What the task asks -
From the line containing "Metric New Poetry" down to the line containing "Meginem Cold enthält", copy out the entries below exactly, both lines included, and nothing else; pictures do not belong in the copy.

Material for this exercise -
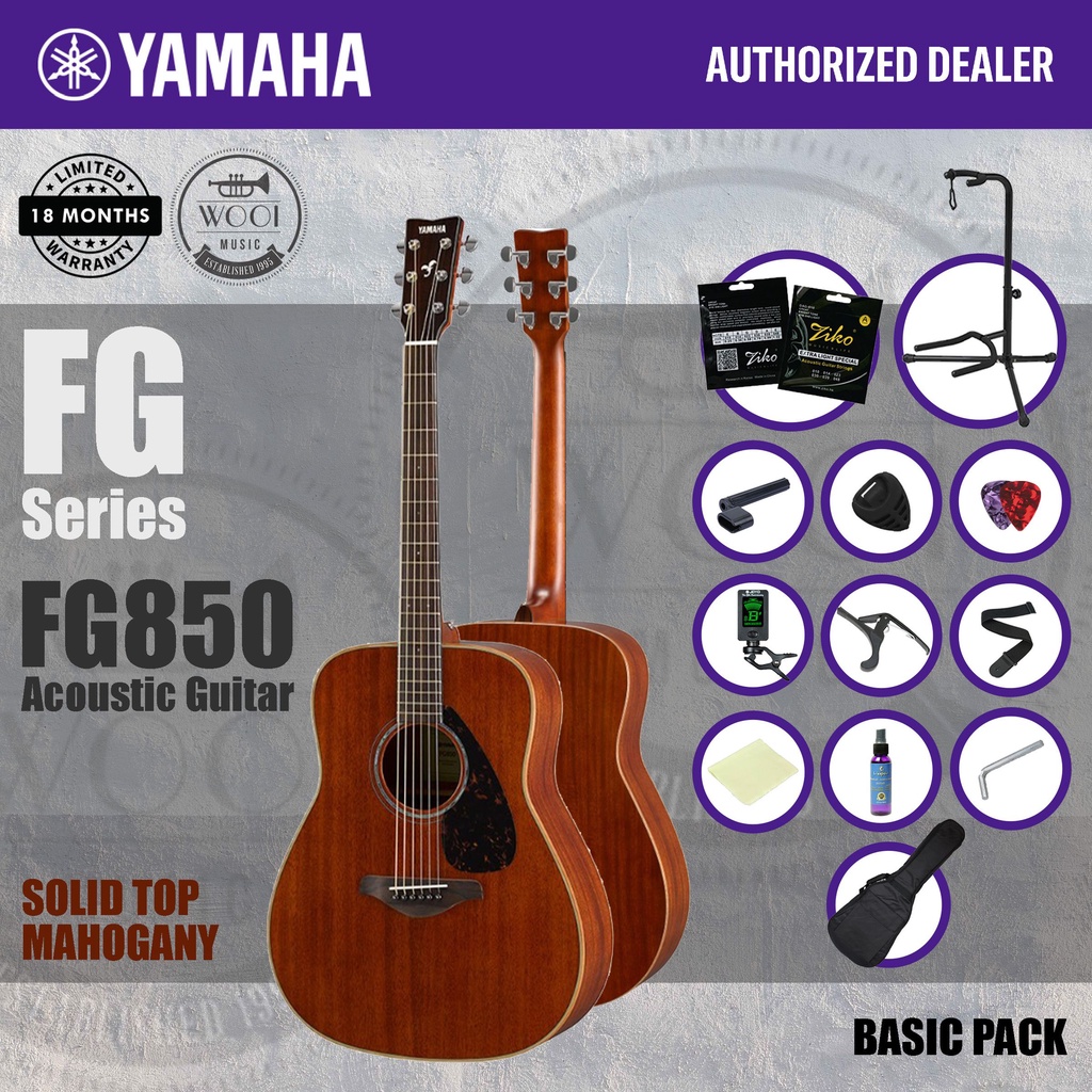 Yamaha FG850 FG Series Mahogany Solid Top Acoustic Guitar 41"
==
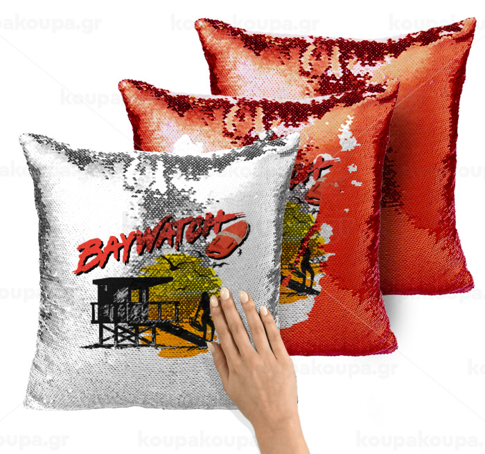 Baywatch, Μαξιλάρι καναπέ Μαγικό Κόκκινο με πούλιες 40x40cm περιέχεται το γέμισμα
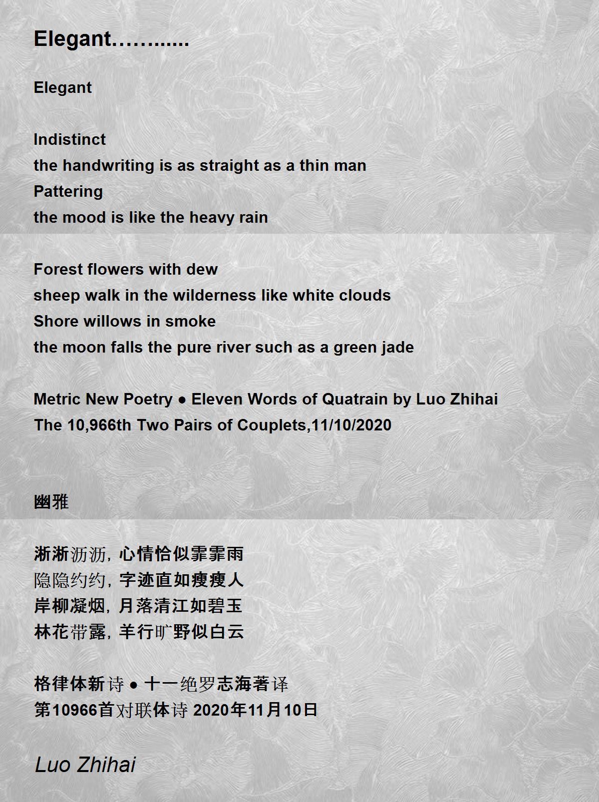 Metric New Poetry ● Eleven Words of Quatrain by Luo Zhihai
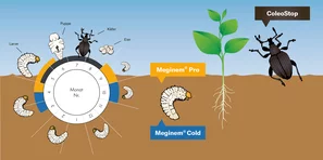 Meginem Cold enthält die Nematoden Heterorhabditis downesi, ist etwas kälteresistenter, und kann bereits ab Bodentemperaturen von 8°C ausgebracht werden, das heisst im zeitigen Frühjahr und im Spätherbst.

Output for this task -
 Metric New Poetry ● Eleven Words of Quatrain by Luo Zhihai
 Meginem Cold enthält die Nematoden Heterorhabditis downesi, ist etwas kälteresistenter, und kann bereits ab Bodentemperaturen von 8°C ausgebracht werden, das heisst im zeitigen Frühjahr und im Spätherbst.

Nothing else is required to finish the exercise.